Will Greece become the first country to abandon the Eurozone and return to the drachma? My money is on Spain or Italy. Greece’s debt is too small to be of concern compared to the giant collapses about to happen in these two countries. But money from any nation’s printing presses is still fiat currency. Until the people hold the governments’ central banks accountable, we will continue to see inflation erode the savings accumulated over the course of a lifetime.
David DeGerolamo
Eurozone debt crisis: how Greece could exit the euro
It’s a tradition of Greek theatre that the real action takes place off-stage. Much the same might be said of the euro drama.
A second bailout and last week’s repayment of a €14.5bn (£12.1bn) bond has produced a dramatic lull in proceedings. Even the president of the European Central Bank said last week that the worst of the crisis is over. But does anyone actually believe there is not another Act to come?
Not if you look at what is going on behind the scenes. Whatever the politicians may pretend, governments, banks and companies continue to make contingency plans for a Greek exit from the euro. And, arguably, the terms of the latest bailout make one easier.
A quick recap of the state Greece is now in highlights the challenges ahead. Athens has got its debt down from €368bn – or a ruinous 163pc of GDP – by strong-arming the private holders of €206bn of bonds into accepting an effective 74pc loss on their loans, once lower coupons are taken into account.
That’s been enough to trigger a second bail-out from the European Union and International Monetary Fund of €130bn – on top of the €110bn already advanced to Athens. But there the good news ends. The quid pro quo for all this dosh is the promise from Athens of unprecedented budget cuts. But, even after all the money and pain, by 2020 Greece’s debt will still top 120pc of GDP, according to official estimates from the EU, IMF and European Central Bank troika.
That is, as Open Europe puts it, “more or less where Italy is today”, which is “not exactly a hugely positive result after a decade of adjustment and hundreds of billions in taxpayer-backed bailouts”.
Worse, the troika’s estimates look horribly optimistic because, as the think tank points out, “the austerity targets are wholly unrealistic and kill off growth prospects”.
Already into its fifth year of recession, more than half of Greece’s under 25s are now out of work. Yet the government is promising to cut another 150,000 public sector jobs over the next three years. With protests on the streets and an election in April, who knows how much austerity is even deliverable.

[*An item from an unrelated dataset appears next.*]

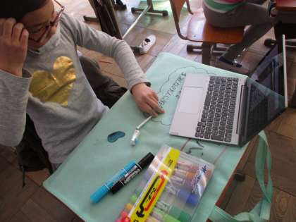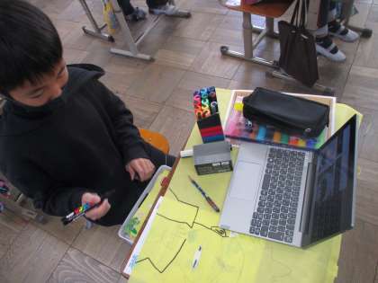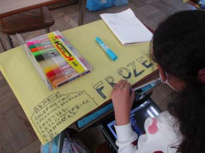 4年生の思い出を書き,あまったスペースはタブレットを使って自分の好きなキャラクターを調べて描いていました。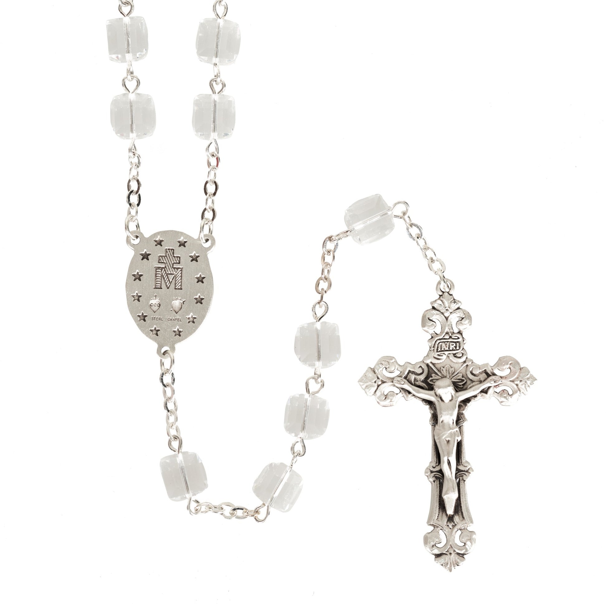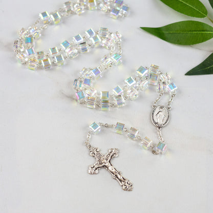 The striking combination of sparkling, cubed beads and gleaming sterling silver allow modern and traditional elements to combine for a gorgeous look that is reverent and distinctive. Aurora Borealis crystals by Swarovski are iridescent and elegant, ablaze with fire and light. The ornate sterling silver Miraculous Medal and the Baroque Crucifix with fleur-de-lis accents add the finishing touches. This is a distinctive fine rosary and an heirloom in the making. A wonderful wedding or anniversary gift. Made in Italy. Deluxe gift boxed.

The ink on the bailout terms is barely dry, but Germany’s finance minister, Wolfgang Schaeuble, is already openly remarking that this is “perhaps not the last time that the German Bundestag will need to address the question of financial assistance for Greece”.
Open Europe believes a third bailout or full-scale default is all but inevitable within “three years’ time” – the price for Greece remaining in a currency it can neither print nor devalue.

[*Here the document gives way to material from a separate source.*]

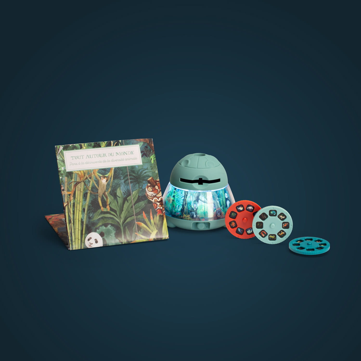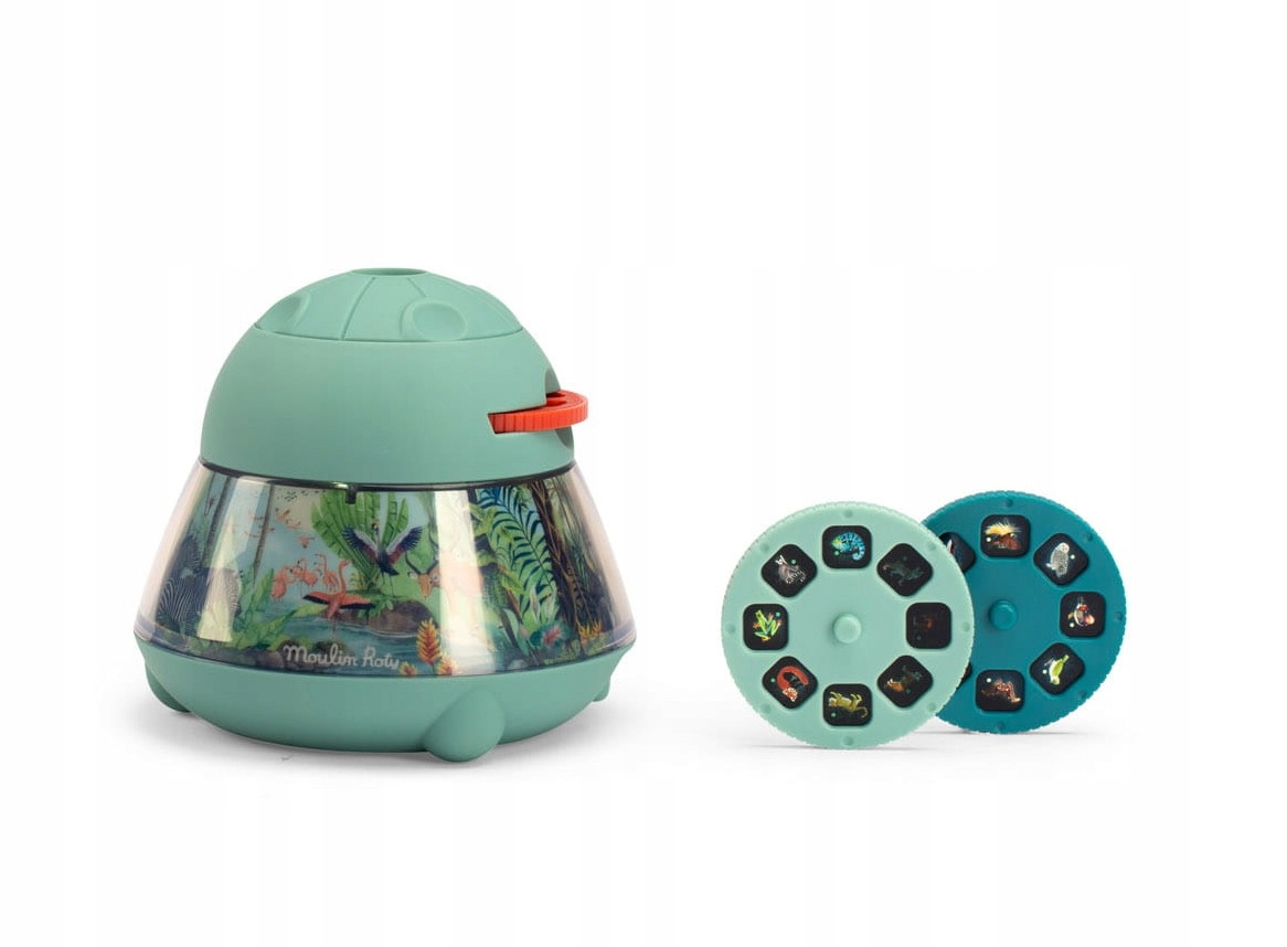 Мы узнаем животных мира, благодаря проектору лампы от Moulin Rota! Набор включает в себя 3 диска со слайдами (8 на один), которые следует помещать в лампу и направлять изображение на гладкую стену в темной комнате. Земля, вода и животные, живущие в небе, ждут открытия!

The euro, says US economic researchers Variant Perception, is like a “modern day gold standard, where the burden of adjustment falls on the weaker countries”, forcing changes “in real prices and wages instead of exchange rates”. Growth becomes “unlikely if not impossible within the euro straightjacket”.
Hence the planning for an eventual Athens exit – not least by the Greeks. Some €16bn has been sent abroad since 2009, with Britain the favoured destination – as the mini-boom at the top of London’s housing market might testify. Meanwhile, bank deposits in Greece have fallen by €70bn over the same period.
As the country’s outgoing finance minister Evangelos Venizelos noted, while this is partly due to families or businesses raiding savings to cope with the crisis: “Many billions are kept in homes. They are, as we say, in mattresses or boxes.”
Greece represents just 2pc of eurozone GDP. Yet, thanks to the interwoven capital flows of monetary union, extricating even a tiny member from the currency bloc has some Rumsfeldian “unknown unknowns”. For starters, it’s illegal, thanks to 1992’s Maastricht Treaty compelling all euro members to transfer “irrevocably” monetary sovereignty to the European Union.
There are contagion risks – to other countries and banks – and funding issues for the ECB, Bundesbank and IMF, among others. Politically, it would take a huge swallowing of euro pride. And then there’s the cost – though probably much less than the €1 trillion bandied around by scaremongers.
But, at least it would not be the current sticking-plaster solution. And, though less complex, both the break-up of the USSR’s rouble zone (1992-95) and Czechoslovakia (1992-93) provide blueprints for how Greece’s exit could be handled.